Research in the International Journal of Shipping and Transport Logistics has analysed four decades of freight transportation data across the USA and shows how different modes of transport contribute to carbon dioxide emissions. The work reveals a complex picture wherein transportation is indeed a major source of greenhouse gases, alongside electricity generation, but air, rail, road, water, and pipeline make different contributions to the problem.
The researchers used an Autoregressive Distributed Lag model to consider both short-term and long-term relationships between transportation activity and emissions. This allowed them to smooth out the information even when the underlying data are uneven. Such a level of detail is uncommon in climate and transport studies, which often focus on a narrower time frame or fewer transport categories.

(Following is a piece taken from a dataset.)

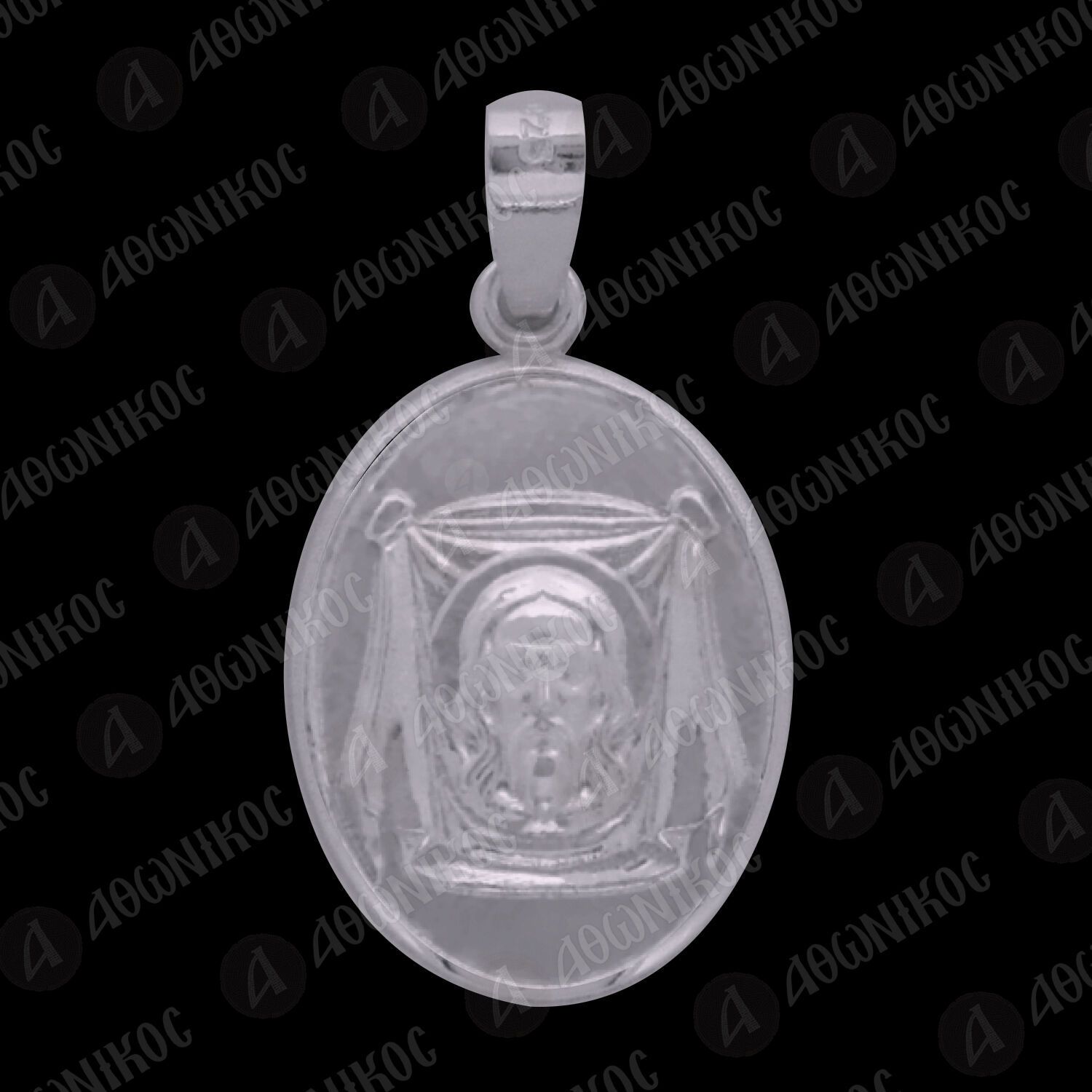 Oval pendant made of 925° sterling silver with the form of Holy Napkin on the front side.
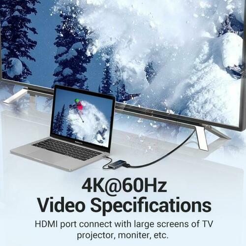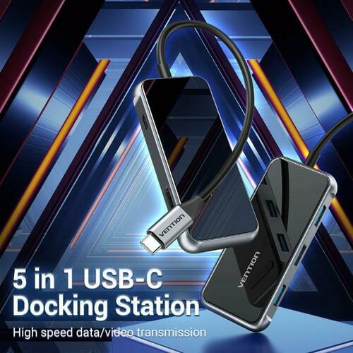 Vention Docking Station USB-C to HDMI/USB 3.0 x 3/PD 0.15M Gray Mirrored Surface Type TFBHB

Surprisingly, a negative relationship between both air and pipeline transport and carbon emissions over the period 1980 to 2022 showed that even as these two forms of freight activity increased, emissions actually declined slightly: by 0.03% for every 1% rise in air transport activity, and by 0.06% for pipeline transport. Such figures seem small, but they could be statistically meaningful when scaled across the vast transport systems of the USA and over several decades. The findings suggest that adoption of cleaner technologies, especially in aviation, is having an effect. Innovation in the road and rail sectors could reap similar rewards, the research suggests.
The various interdependencies suggest that emissions, energy consumption, and transport activity are all so closely intertwined that coordinated policy responses is now essential rather than isolated reforms if we are to achieve net-zero.
The researchers suggest that by breaking down the environmental impact of individual transport modes, it is possible to develop more targeted climate strategies. For example, expanding pipeline infrastructure or accelerating the rollout of sustainable aviation technology may deliver greater emissions reductions than blanket policies applied across all transport sectors.
Ergen, H., Aslan, A. and Ayvaz, E.E. (2025) ‘Can air transportation reach to zero carbon emissions: comparative econometric analysis between transportation modes in the USA’, Int. J. Shipping and Transport Logistics, Vol. 21, No. 1, pp.71–99.